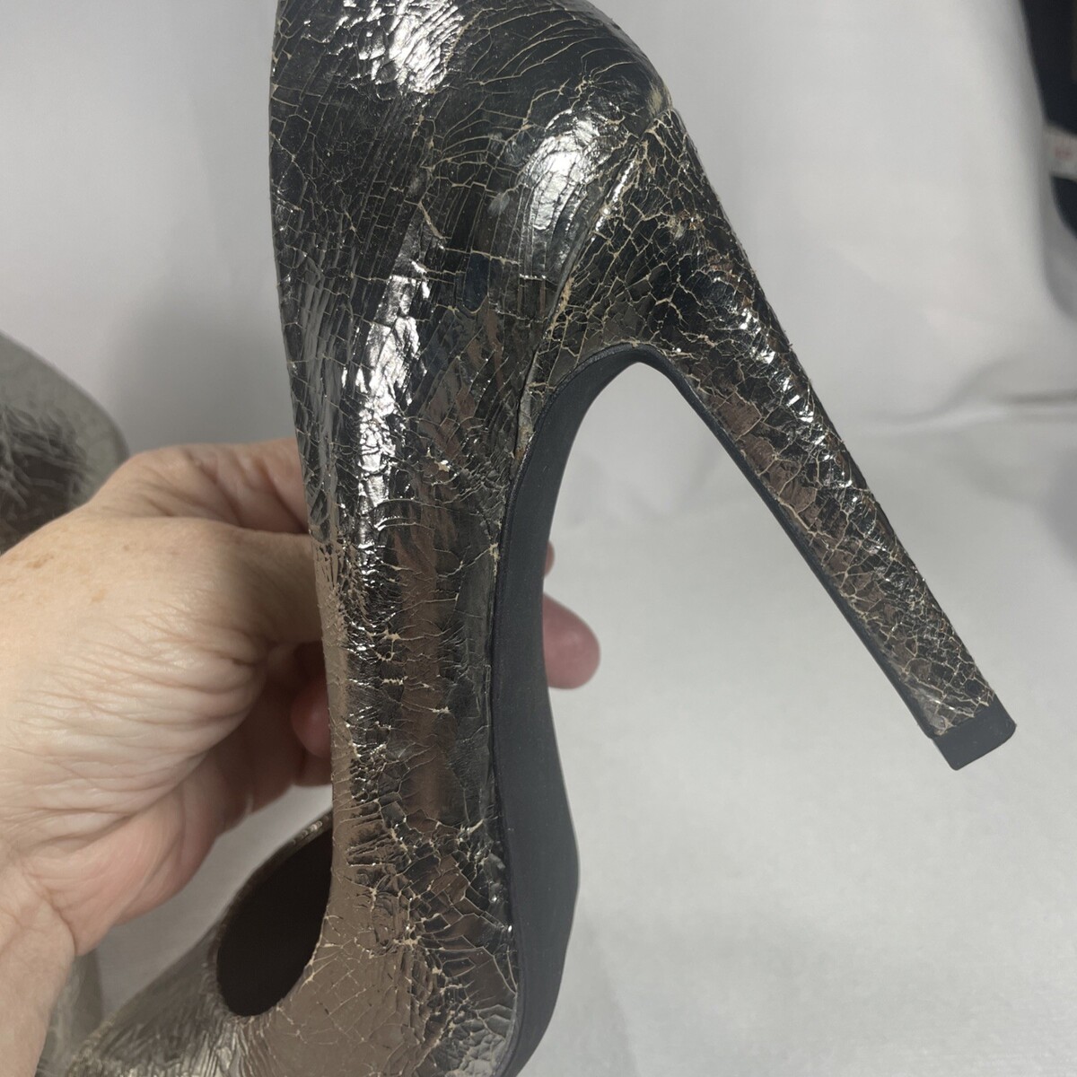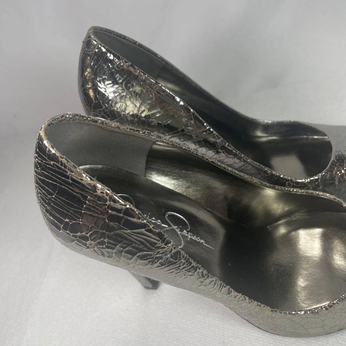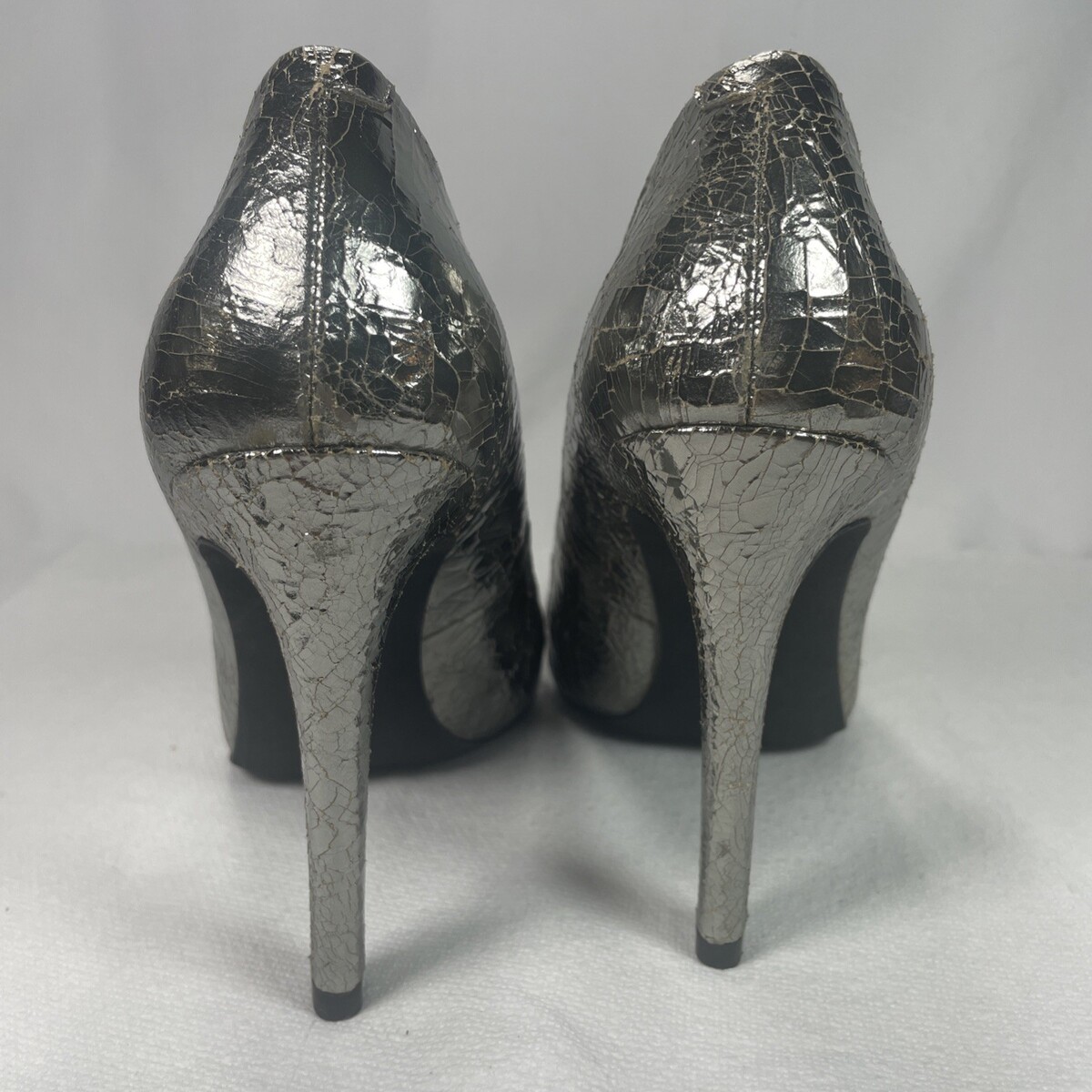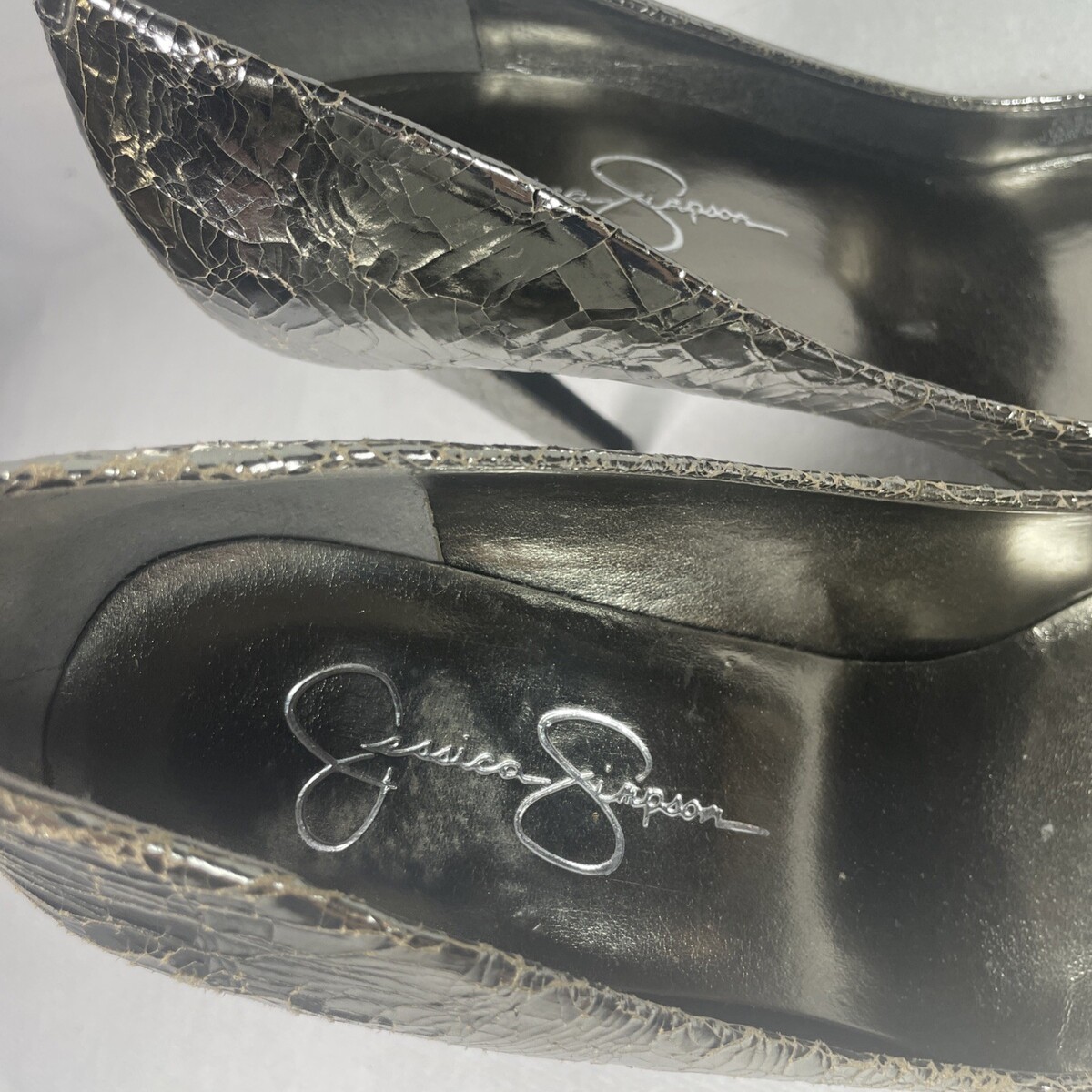 - Jessica Simpson Heels Size 7.5M Dark Pewter Cracked Metallic SILVER
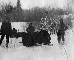 Description :DANS UN DECOR ENNEIGE, DEUX CHEVAUX ATTELES A UN TRAINEAU SE SONT ENFONCES DANS LA NEIGE. TROIS HOMMES PORTANT DES RAQUETTES REGARDENT LA SCENE EN SE DEMANDANT ®QUOI FAIRE?¯. L'UN D'EUX PORTE LES HABITS DU SHERBROOKE SNOW SHOE CLUB.
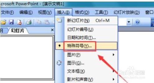 点击插入选项,在其子级菜单里找到特别符号选项,如图所示:

[YOUR OBJECTIVE]
The whole listing, pictures excluded, should be output exactly.

[EXERCISE SOLUTION]
 - Jessica Simpson Heels Size 7.5M Dark Pewter Cracked Metallic SILVER
 Description :DANS UN DECOR ENNEIGE, DEUX CHEVAUX ATTELES A UN TRAINEAU SE SONT ENFONCES DANS LA NEIGE. TROIS HOMMES PORTANT DES RAQUETTES REGARDENT LA SCENE EN SE DEMANDANT ®QUOI FAIRE?¯. L'UN D'EUX PORTE LES HABITS DU SHERBROOKE SNOW SHOE CLUB.
 点击插入选项,在其子级菜单里找到特别符号选项,如图所示:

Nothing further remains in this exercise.